Dziennikarze „Wiedomosti” mieli wgląd w dane eksportowe („tajne”, jak to zapisały w cudzysłowie same „Wiedomosti”) Federalnej Służby Celnej (Fiedieralnaja tamożennaja służba, FTS) za okres styczeń–czerwiec br. Rosyjski eksport uzbrojenia wyniósł w tym okresie równowartość 4,7 mld dol. W analogicznym okresie 2020 r. wartość ta wyniosła 3,6 mld dol.

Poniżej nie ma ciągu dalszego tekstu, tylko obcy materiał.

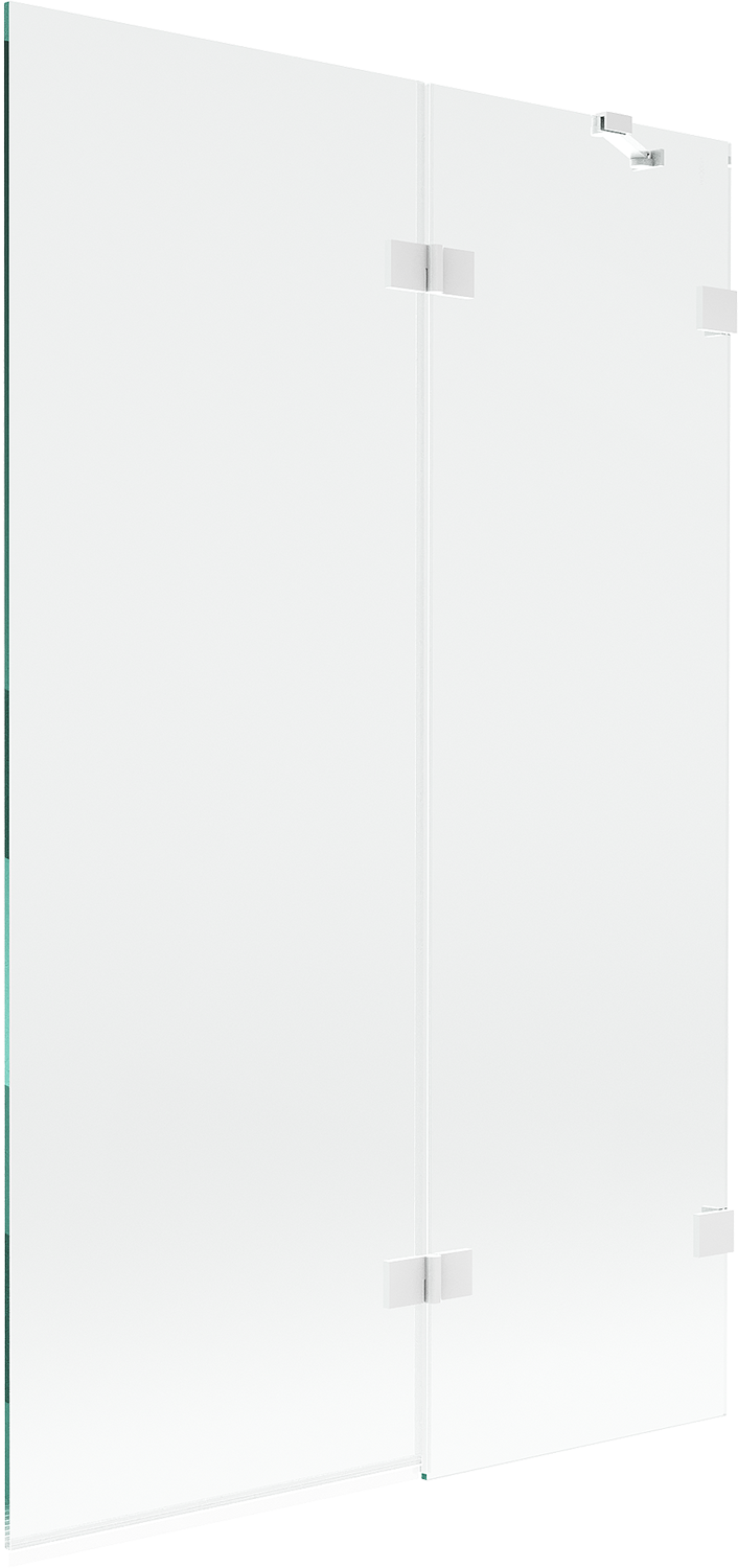 Paraván hecho de dos hojas con posibilidad de plegado. Esta solución permite ahorrar más espacio en el baño y permite el uso libre del espacio restante cuando no estamos usando la zona de baño.

Czytaj także: Irlandia i Czechy kupują samoloty Airbusa
Dziennikarze „Wiedomosti”, znając kody eksportowe, podają, że ok. 4,6 mld dotyczy wyrobów lotniczych, broni i amunicji. Oddzielnie ujęto broń pancerną (60 mln) i uzbrojenie morskie (78 mln). Miejsca na podium importerów przypadły kolejno: Czechom (683 mln), Algierii (603 mln) i Chinom (488 mln). W przypadku Czech wartość importu wzrosła sześciokrotnie liczona rok do roku!
Zaskakujący lider
Wyprzedzenie, choćby chwilowe, tak dużych i regularnych importerów rosyjskiego eksportu „specjalnego” jak: Chiny, Algieria czy Indie (w ogóle poza pierwszą trójką) robi wrażenie. Tym bardziej, jeśli weźmie się pod uwagę, że Czechy dorobiły się w maju br. umieszczenia przez Ministerstwa Spraw Zagranicznych Federacji Rosyjskiej na tzw. liście nieprzyjaznych państw (spisok niedrużestwiennych stran) po serii dwustronnych incydentów. W tym zwerbowaniu do agenturalnej współpracy rosyjskiego dyplomaty z rosyjskiej ambasady w Pradze, którego zresztą Czechy w groteskowych okolicznościach same zdekonspirowały. W następstwie „ewakuacji” tego dyplomaty do Rosji aresztowany w Rosji został Iwan Safronow (były dziennikarz i PR-owiec Roskosmosu, obecnie sądzony), który był prowadzony przez czeski wywiad. Czechy, próbując ratować resztki twarzy, oskarżyły Rosję o udział w wysadzeniu w powietrze składu amunicji w czeskich Vrběticach w 2014 r. Czeski rząd – wbrew stanowisku własnego prokuratora generalnego, który w proteście przeciw politycznemu sterowaniu „śledztwem” złożył dymisję – oskarżył o to dwóch najsłynniejszych rosyjskich „tajnych agentów”, czyli Aleksandra Pietrowa i Rusłana Boszyrowa. Tych samych, którzy w 2018 r. w brytyjskim Salisbury mieli podjąć próbę otrucia Siergieja Skripala, rosyjskiego agenta, który podjął współpracę z brytyjskim wywiadem.